Byron wrote:The church jumped on the homophobia bandwaggon in the 1980s. Far from boldly standing against culture, as the evangelicals claim, Christian homophobia sprung from society's prejudices. Society has, thankfully, moved past it, but the church is frozen in time. Story of its life.
Also it was a way to meet girls.
Alan B wrote:Also it was a way to meet girls.
I'll go along with that. I always found the girls in church were, er, more interesting, er, sort of demure and full of promise.
Well, that's what my hormones told me...
Agrippina wrote:I think the idea of going to church as a social activity is truer than a lot of people think. Generally, apart from people who want to be in the church hierarchy, I've never met any CofE (or Anglican) member here who proselytises the way the fundie church members do.
Calilasseia wrote:Fucking hell, Byron, why don't you have your own opinion column in The Guardian? Only this is the sort of post that deserves a much wider audience.

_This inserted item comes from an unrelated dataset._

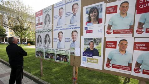 Más contenidos se muestran el resto de sus rivales políticos. Los paneles reservados para los carteles en los distintos barrios y parroquias naroneses son una auténtica ensalada de caras y siglas. Los populares, con el logo del partido bien a la vista, a diferencia del afiche del ferrolano Rey Varela, presentan a su nuevo alcaldable, el expiloto de ralis Germán Castrillón, con un contundente mensaje, casi una orden, Arranca Narón.
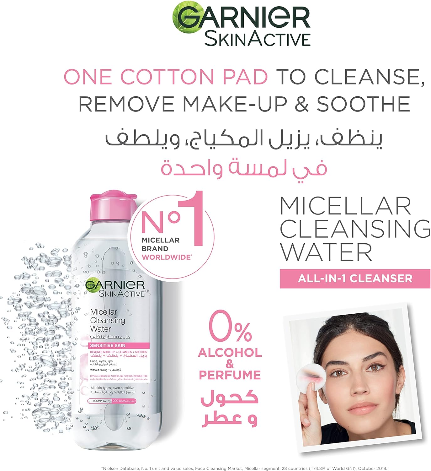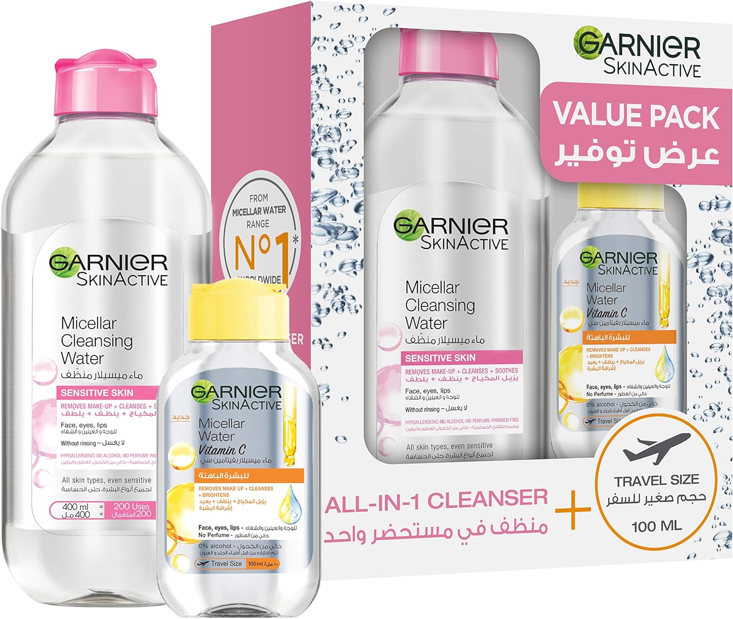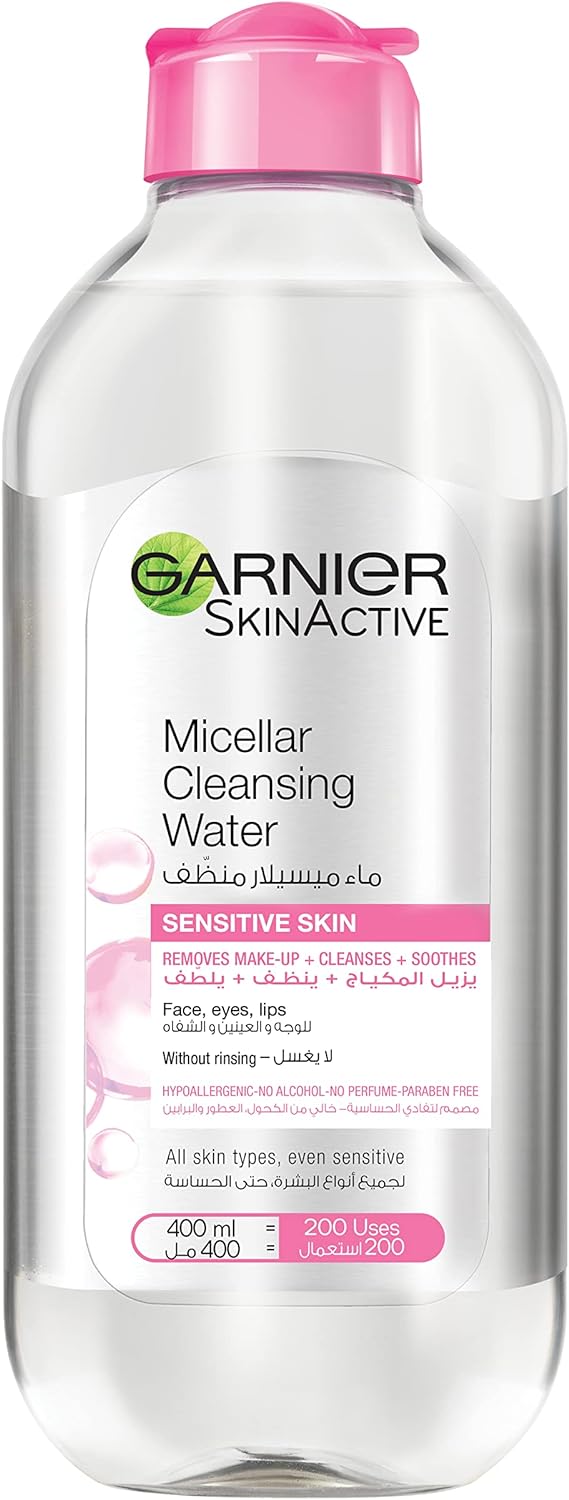 This Kit Contains: 1- Micellar Cleansing Water Classic 400ml 2- Micellar Cleansing Water Bright 100ml, your travel size solution The all-in-one cleanser for your face, eyes, and lips: Removes Daily Make-Up + Cleanses + Soothes all face areas with one cotton pad. For all skin types, even sensitive. Dermatologically and ophthalmologically tested No more need to rub: Garnier introduces the Micellar technology. It is formulated with micelles which capture dirt, sebum, pollution and everyday make-up from your skin like magnets in one gesture. Result: Skin is perfectly cleansed and refreshed.

quisquose wrote:[...] It always amuses me to hear them argue against gay marriage with the claim "of course we fully support their rights to civil partnerships but ..."
Those of us old enough, with good memories, will recall that throughout the 80s and 90s they were very much against civil partnerships, just as they are against gay marriage now. Society moves ahead, the Church remains one step behind and conveniently tries to erase their own insignificance from memory.
Meanwhile, drip, drip, drip, their membership dwindles.
Alan B wrote:Also it was a way to meet girls.
I'll go along with that. I always found the girls in church were, er, more interesting, er, sort of demure and full of promise.
Well, that's what my hormones told me...
Byron wrote:Absolutely, and in doing so, they were in lockstep with social norms. The SCOTUS upholding sodomy laws, the Thatcher government passing Section 28, Bill Clinton putting his signature to DOMA, Britain's parliament (first Commons, then Lords) refusing to equalize the age of consent for gay men.
Panderos wrote:And of course at every stage the slippery slope has been employed as at least part of the argument; with gay marriage it's been those that believe it's an inevitable march towards, I don't know, inter-species marriage and polygamy. But if that's so, then the slippery slope started way back with the not-burning of homosexuals, so guess we shouldn't have done that..
Byron wrote:Homophobia was ... rooted in the concerns of desert-dwelling tribes: group-markers, patriarchy, inheritance, extended family, and so on.
Analysis -
Last Rites for the Church of England?
Andrew Brown asks if the Church of England has become fatally disconnected from society.
quisquose wrote: ... I thought Andrew Brown's thoughts were all over the place ...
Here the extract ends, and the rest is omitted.